Jest taki zapis. W którejś normie jest rysunek i tam jest minimalny
prześwit, kąt wejścia i cejśia oraz promień walca, który musi się
wpisać przez trzy punkty (koła osi przedniej, podwozie, koła osi
tylnej).
2005-12-21 19:41 Re: kodeks drogowy... Gieniu
Robert Tomasik wrote:
> Jest taki zapis. W którejś normie jest rysunek i tam jest minimalny
> prześwit, kąt wejścia i cejśia oraz promień walca, który musi się
> wpisać przez trzy punkty (koła osi przedniej, podwozie, koła osi
> tylnej).

a co w takim razie z samochodami ktore sa fabrycznie obnizone o np. 8cm ??

--
pozdrawiam,

2005-12-22 01:10 Re: kodeks drogowy... Robert Tomasik
Gieniu [g@wf.pl] napisał:

> a co w takim razie z samochodami które są fabrycznie obniżone o np.
8cm ??

Muszą spełniać te normy. To, że samochód jest obniżony wcale nie
świadczy o tym, że norm nie spełnia. rzecz w tym, że istnieje
przypuszczenie, że może nie spełniać i wymagany jest dokument, że
przeróbka nie narusza prawa.
2005-12-22 22:01 Re: kodeks drogowy... Tomasz Pyra
Robert Tomasik napisał(a):
> Gieniu [g@wf.pl] napisał:
>
>
>>a co w takim razie z samochodami które są fabrycznie obniżone o np.
>
> 8cm ??
>
> Muszą spełniać te normy. To, że samochód jest obniżony wcale nie
> świadczy o tym, że norm nie spełnia. rzecz w tym, że istnieje
> przypuszczenie, że może nie spełniać i wymagany jest dokument, że
> przeróbka nie narusza prawa.
>

A czy gdzies jest to jasno napisane w prawie?

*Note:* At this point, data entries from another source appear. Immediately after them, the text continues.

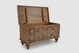 Diese schöne Truhe mit ihren Sternförmigen Ornamenten besticht durch eine ganz besondere Ausstrahlung . Praktisch und funktionell zugleich .
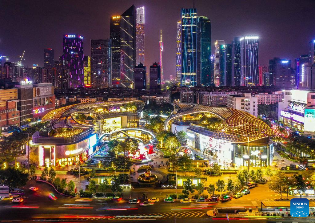 This aerial photo taken on Jan. 1, 2023 shows the night view of the Tianhe Road area in Guangzhou, south China's Guangdong Province. People take part in various leisure activities to spend the New Year holiday here. (Xinhua/Liu Dawei)
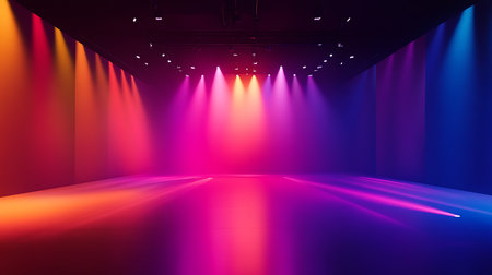 Dynamic light show event in modern venue colorful illumination indoor space artistic perspective
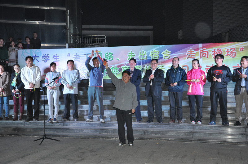 为增强学生身体素质、促进学生健康成长,10月30日晚,我校大学生“走下网络、走出宿舍、走向操场”主题群众性课外体育锻炼活动月启动。党委副书记孙文亮及学生工作处、团委、保卫处等部门负责人出席了仪式,各学院团总支书记和学生代表参加了仪式。
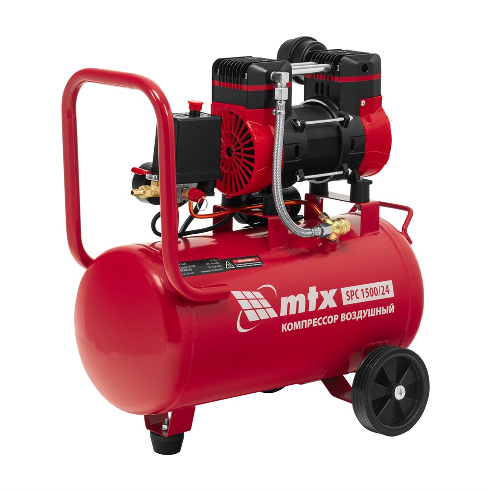 Компрессор безмасляный малошумный SPC 1500/24, 1500 Вт, ресивер 24 л, 260 л/мин// MTX

Po pierwsze - co to znaczy przerobka?
Czy zastosowanie zamiennika (np. zawieszenia, czy ukladu hamulcowego) to
juz przerobka?

W katalogach roznych firm produkujacych czesci zamienne czesto mozna
dostac kilka modeli dedykowanych dla tego samego modelu samochodu,
rozniacych sie pewnymi wlasciwosciami.

Jaki dokument potwierdza zgodnosc z prawem zastosowania podzepolu X w
samochodzie Y? Czy powinna to byc homologacja dopuszczajaca uzycie
danego elementu w danym modelu samochodu, czy homologacja samochodu
powinna zawierac liste elementow?

Teoretycznie przerobka moze byc wymiana piora wycieraczek na jakis
zamiennik (co z tego ze na pudelku producent napisal ze wycieraczka ma
pasujacy rozmiar, skoro niby nie wiadomo jaki to moze miec skutek?), czy
wymiana zarowek w reflektorach na jakies bardziej cudaczne (blue-costam
itp).

Swoja droga, to IMO wlasnie diagnosta powinien zabrac samochod z
przerobionym zawieszeniem na szarpak, sprawdzic czy zawieszenie dziala
jak nalezy, zbadac geometrie, czy co tam chce, porownac z normami i
wydac opinie, ze samochod albo sie nadaje, albo nie.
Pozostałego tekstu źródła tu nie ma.